Francis studied him shrewdly.  "Why," he replied at length,
hesitatingly, "there is that controversy of the Constable of Dubrois;
certain lands and a castle, long since rightly confiscated."

"Your Majesty, there is another castle, and lands to spare, in a
distant country," returned the duke quickly.  "These will suffice."

"As you will," said the king in a livelier tone.  "For the future,
command our good offices--since you have made us sponsor of your
fortunes."

With which well-covered confession of his own defeat, Francis strode
away.  As he turned, however, he caught the smile of the Duchesse
d'Etampes and crossed to her graciously.

"Your dress becomes you well, Anne," he said.

She glanced down at herself demurely; her lashes veiled a sudden gleam
of triumph.  "How kind of you, Sire, to notice--my poor gown."

"I was right," murmured Triboulet, joyfully, as he saw king and
favorite walking together.  "No one will ever replace the duchess."

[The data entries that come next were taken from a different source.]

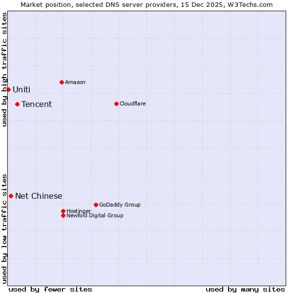 TechnologiesContent ManagementServer-side Languages Client-side Languages JavaScript Libraries CSS Frameworks Web Servers Web Panels Operating Systems Web Hosting Data Centers Reverse Proxies DNS Servers Email Servers SSL Certificate Authorities Content Delivery Traffic Analysis Tools Advertising Networks Tag Managers Social Widgets Site Elements Structured Data Markup Languages Character Encodings Image File Formats Top Level Domains Server Locations Content Languages | Technologies > DNS Servers > Technology usage comparison Comparison of the usage statistics of Tencent vs. Net Chinese vs. Uniti for websitesThis report shows the usage statistics of Tencent vs. Net Chinese vs. Uniti as DNS server provider on the web. See technologies overview for explanations on the methodologies used in the surveys. Our reports are updated daily. UsageThis diagram shows the percentages of websites using the selected technologies. How to read the diagram:
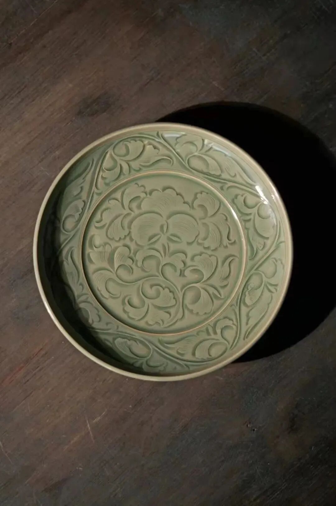 另一个是釉色,耀州瓷的釉色是橄榄绿,跟龙泉的青绿不一样,冷暖色调的区别。
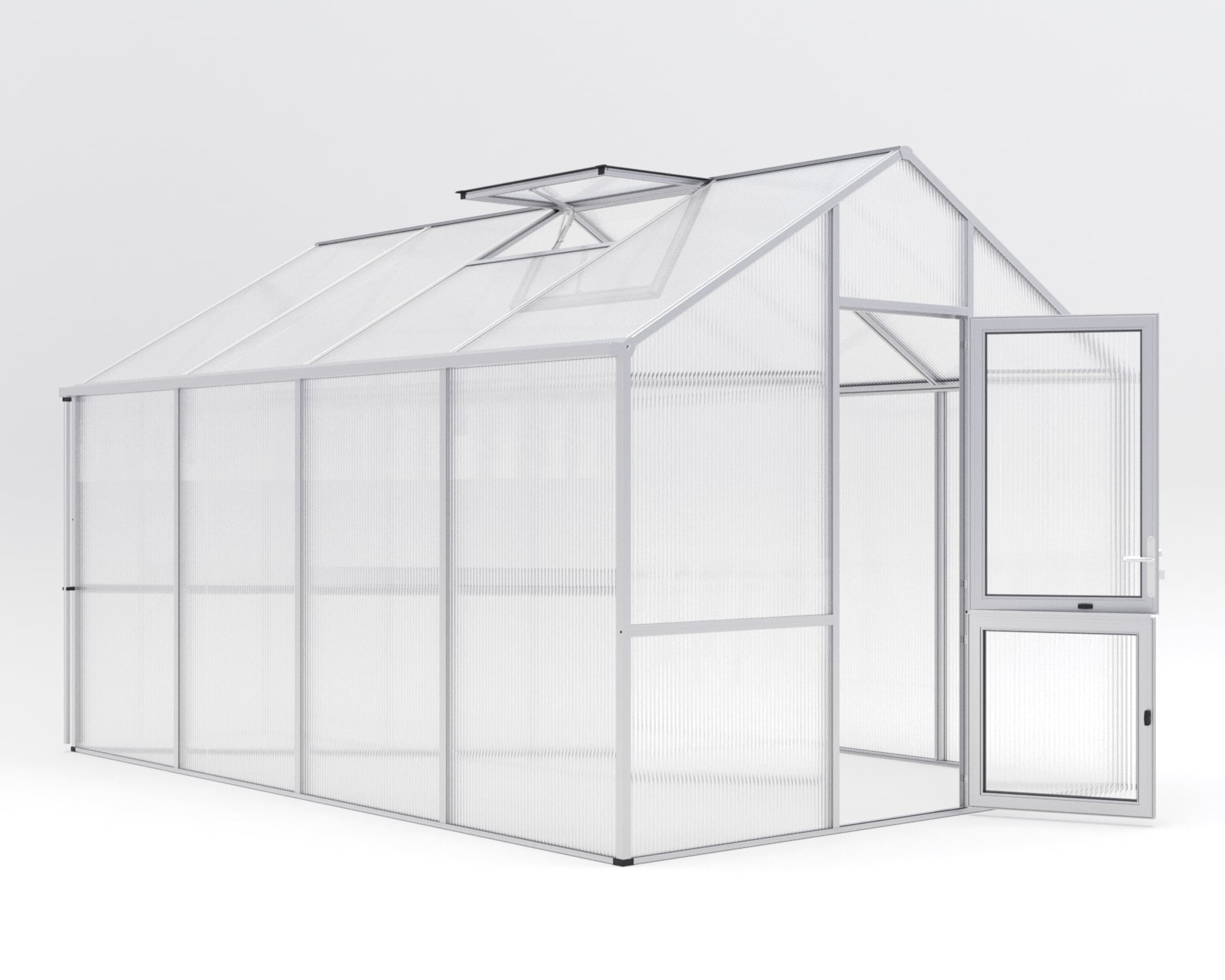 – Breite: 2,97, – Gewicht: 250, – Höhe: 2,76, – Länge: 4,29, – Material: Aluminium, – Produktart: Gewächshaus
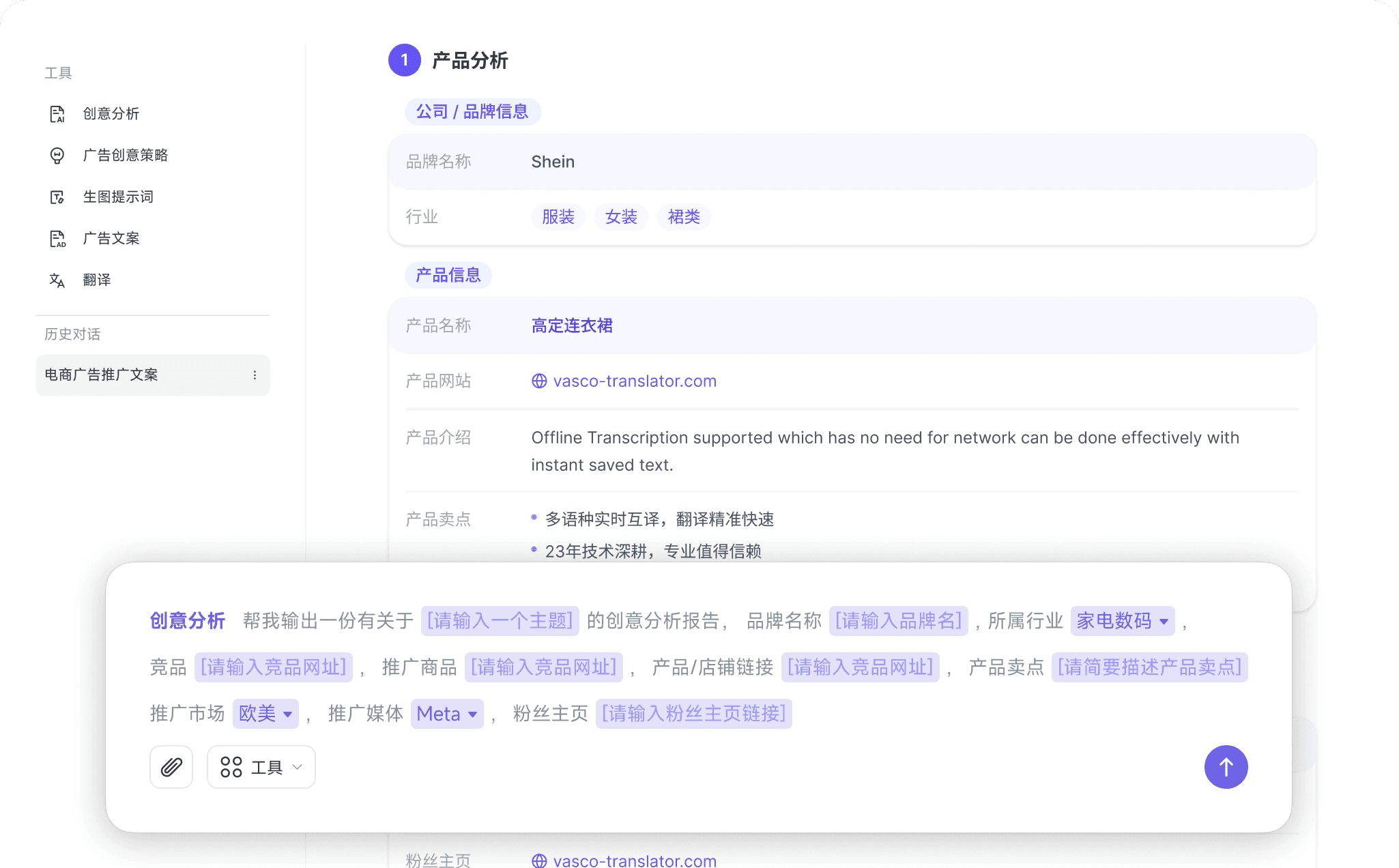填写结构化提示词模板或直接输入想法,AI 即刻洞察市场与用户偏好,一键生成创意分析报告,适用于竞品分析、投放分析等场景
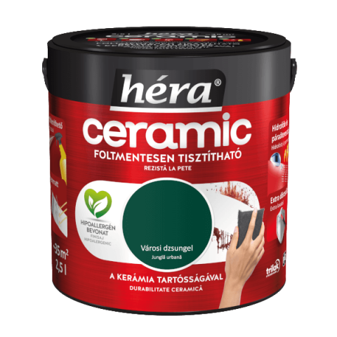 Héra Ceramic foltmentesen tisztítható beltéri falfesték a kerámia tartósságával. Hipoallergén bevonat. Fertőtleníthető. Selyemmatt. Hidrofób és páraáteresztő. Extra dörzsálló
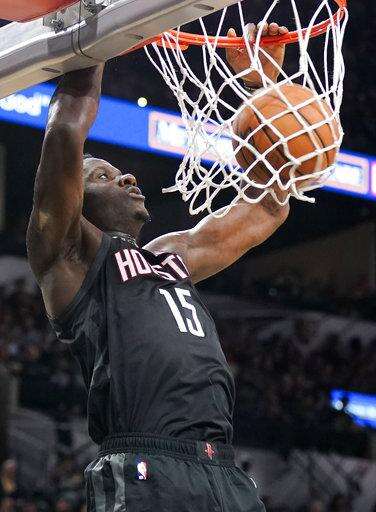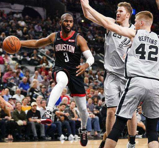 Rockets: Houston is 9-6 after opening the season 1-5. ... Houston's 70 points in the first half tied its second most in any half. The Rockets scored 76 against Indiana on Nov. 11 and 70 against Detroit on Nov. 21. ... Paul has missed five games this season, all of which Houston lost. ... James Ennis was assessed a technical foul after screaming at an official after he was whistled for a pushing foul with 7:38 remaining in the third quarter.
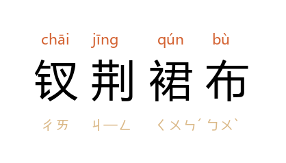 引语出《太平御览》卷七一八引 汉 刘向 《列女传》:“梁鸿 妻 孟光,荆釵布裙。”《红楼梦》第五七回:“因 薛姨妈 看见 邢岫烟 生得端雅稳重,且家道贫寒,是个釵荆裙布的女儿,便欲説给 薛蟠 为妻。”
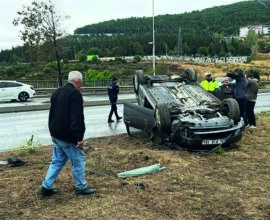 Yağmur Kazaya Neden Oldu: Araç Ters Döndü
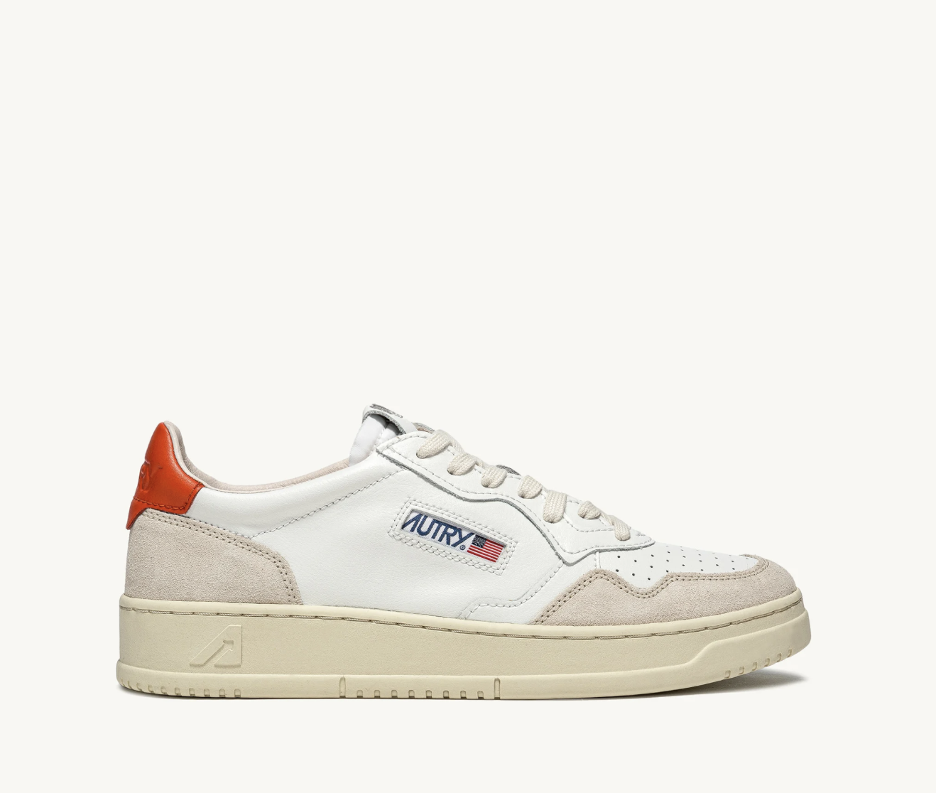 Un style intemporel. Autry Medalist est la chaussure inspirée aux modèles vintage des années Quatre-vingts, réinterprétée en clé contemporaine. Un design indubitable qui devient unique grace au supérieur en cuir blanc et logo iconique imprimé sur le petit talon derrière en orange.
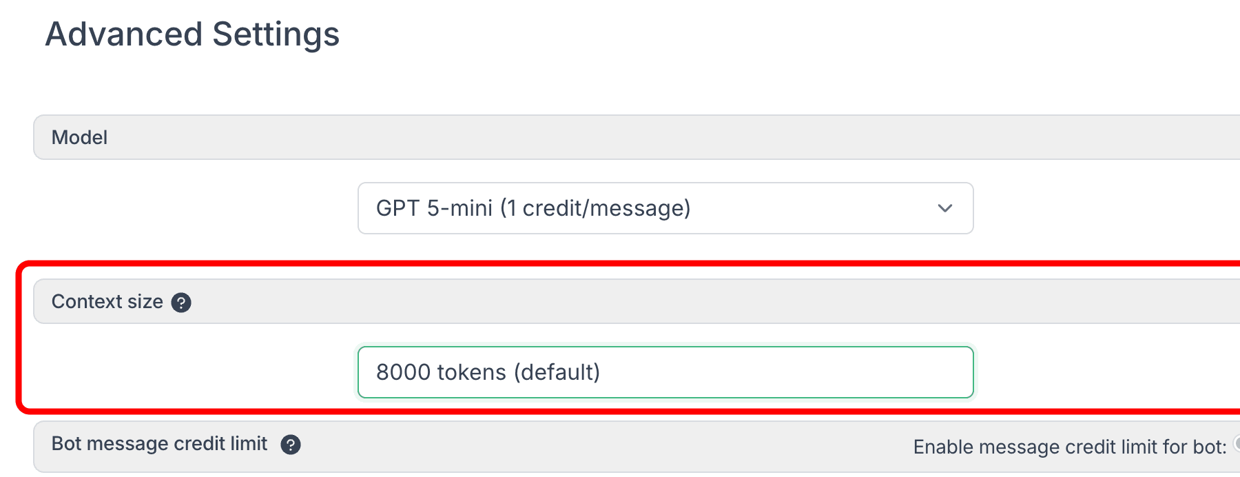 The default context size is 8,000 tokens. Increasing it affects how many message credits each interaction consumes:
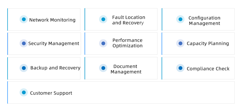 Office system, digital system operation and maintenance, and data center operation and maintenance services, covering network equipment, servers, etc. Ensure the safe and stable operation of the system through monitoring, inspection, disaster recovery planning, and other methods.
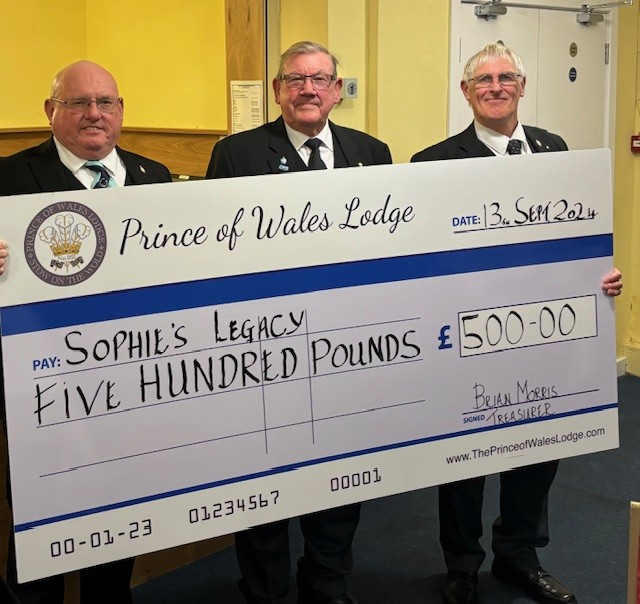 On the same evening our WM and Charity Steward presented a cheque to W. Bro Trevor Conduit to support the excellent work carried out by Sophie’s Legacy a charity that supports families who end up in hospital with their child - www.sophieslegacy.co.uk
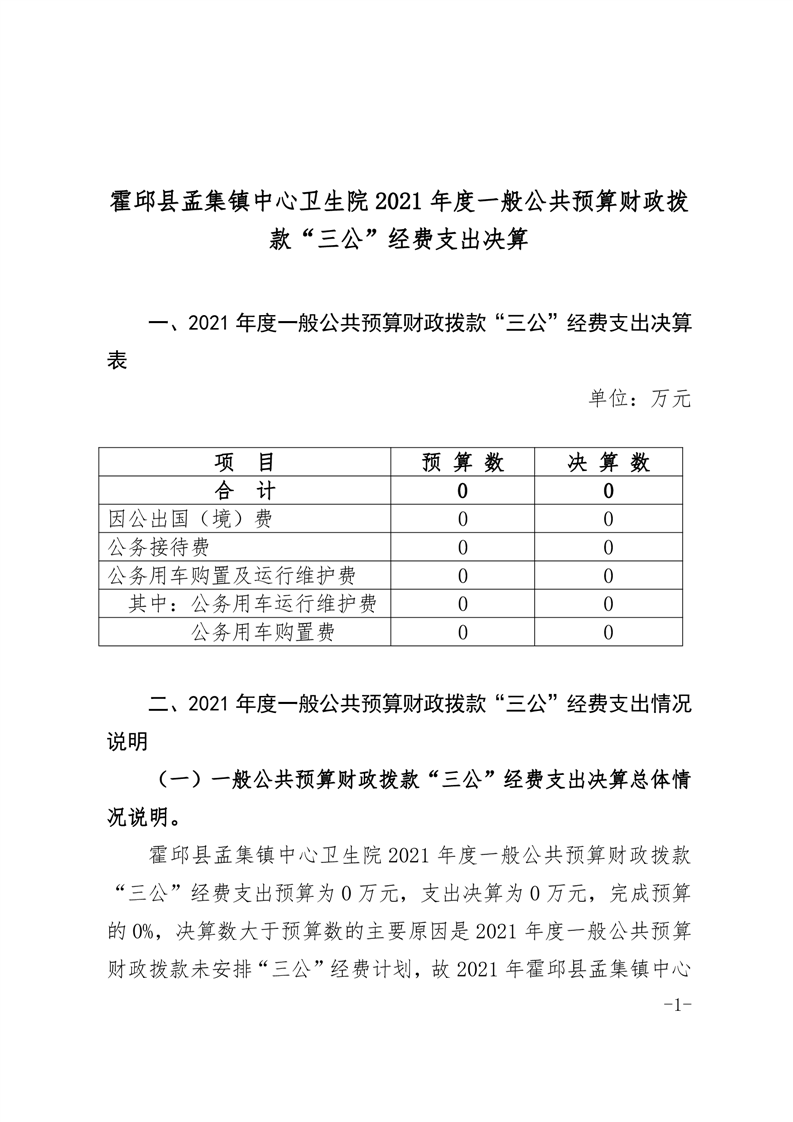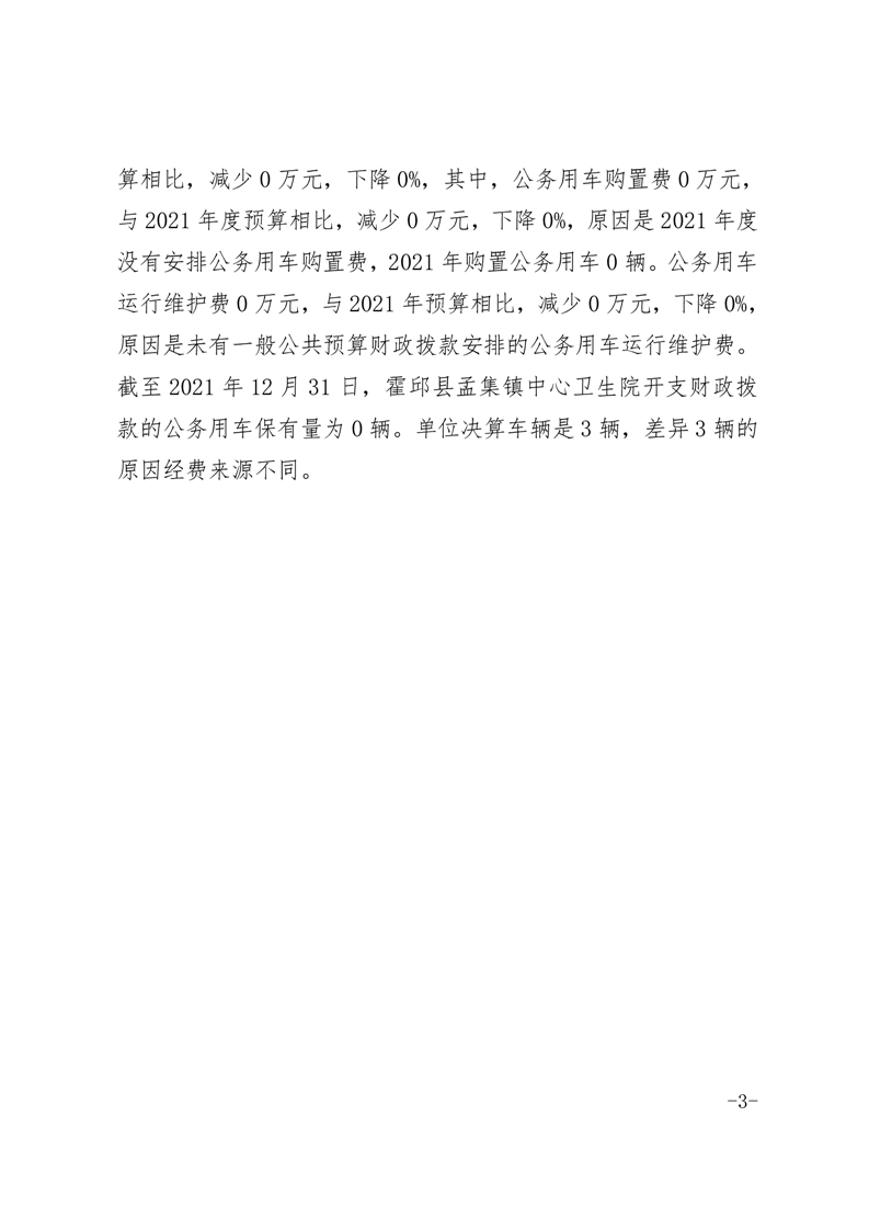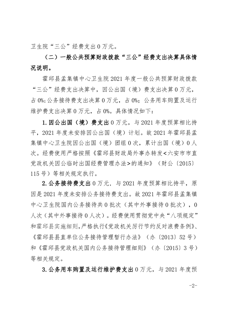 霍邱县孟集镇中心卫生院 2021 年度一般公共预算财政拨 款“三公”经费支出决算
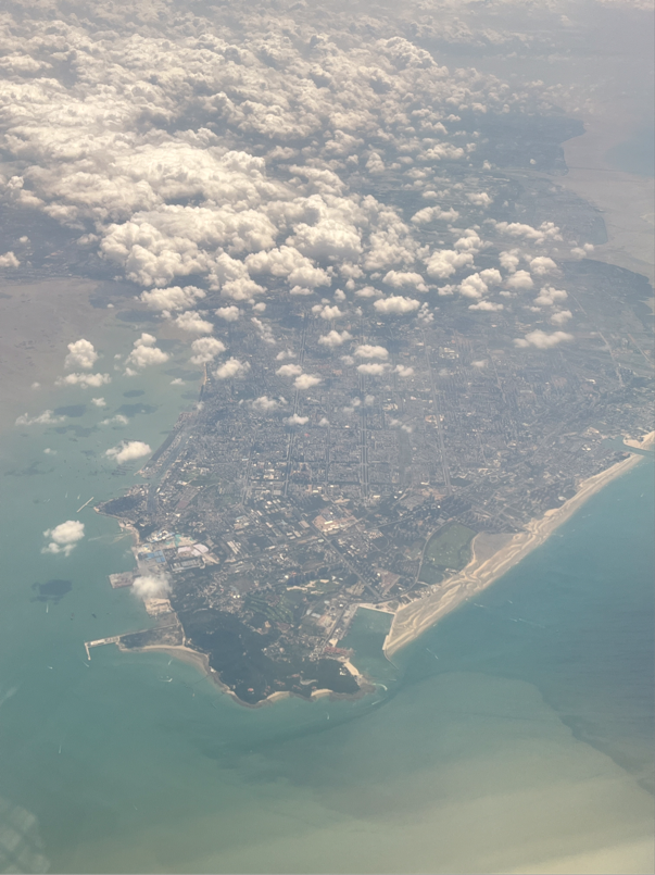 舷窗隔绝了舱外的气流,我望着海口在云层缝隙中时隐时现。城市边缘的海岸线像一道
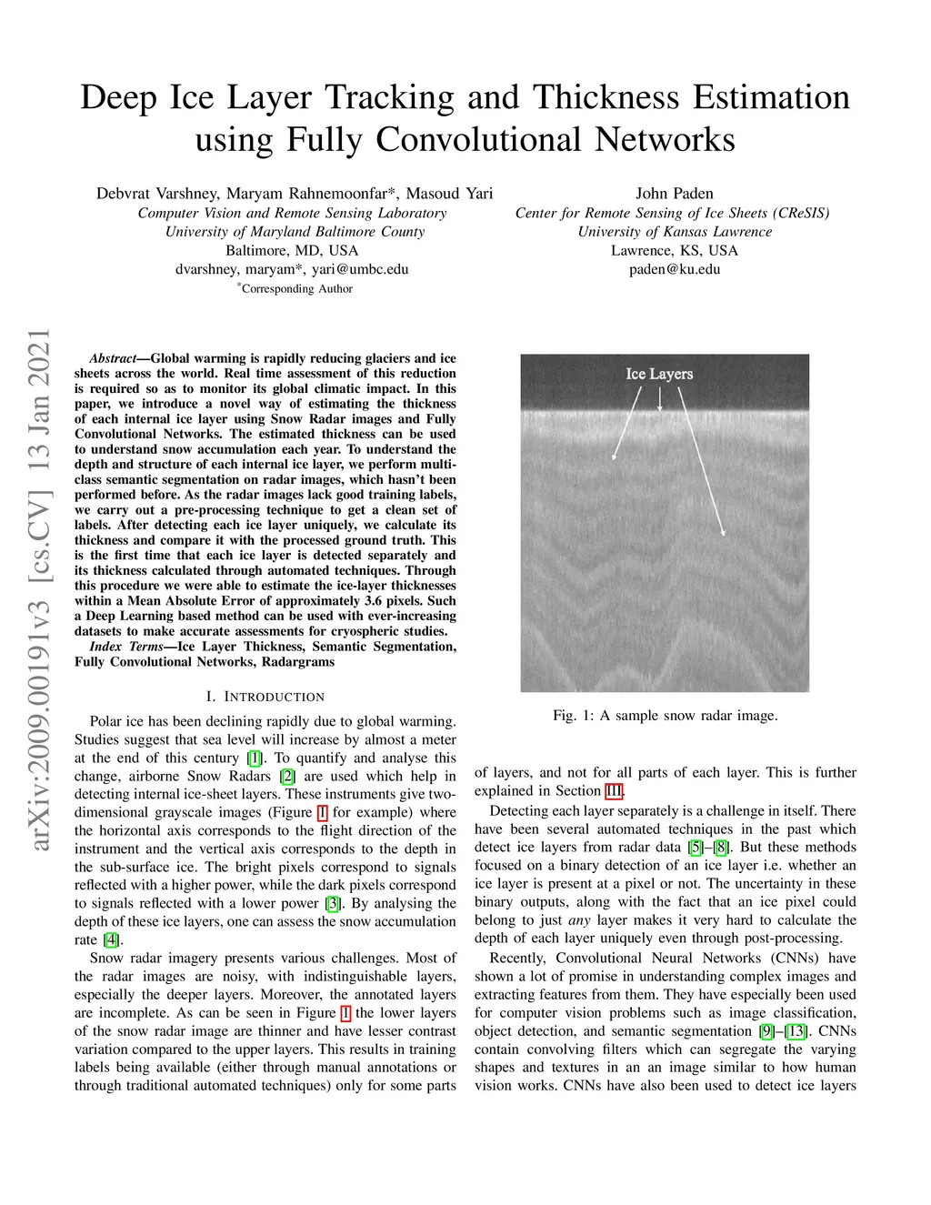 Deep Ice Layer Tracking and Thickness Estimation using Fully

Silent, hand in hand, the duke and the joculatrix stood upon the
balcony.  Below them lay the earth, wrapped in hazy light.  Behind
them, the court, with its glamour.

"Have I done well, Jacqueline, to answer the king as I have done?" he
said finally.  "Are you content to resign all--forever--here in France?
To go with me--"

"Into a new world," she interrupted.  "Once I asked you to take me, but
you hesitated, and were like to leave me behind you."

"But now 'tis I who ask," he answered.

"And I--who hesitate?" looking out over the valley, where the shadow of
a cloud crossed the land.

"Do you hesitate, Jacqueline?"

She turned.  About her lips trembled the old fleeting smile.

"What woman knows her mind, Sir Fool?  Yet if it were not so--"

"If it were not so?" he said, eagerly.

Her eyes became grave on a sudden.  "I might believe I had been of one
mind--long."

"Jacqueline!--sweet jestress!--"

He caught her suddenly in his arms, his fine young features aglow.
This then was the goal of his desires; a goal of delight, far, far
beyond all youthful dreams or early imaginings.  With drooping eyelids,
she stood in his embrace; she, once so proud, so self-willed.  He drew
her closer--kissed her hair!--the rose!--

She raised her head, and--sweeter still--he kissed her lips.

Across the valley the shadow receded; vanished.  In the full glory of
nightly splendor lay the earth, and as the mystic radiance lighted up a
world of beauty, it seemed at last they beheld their world; the light
more beautiful for the shade and the purple mists.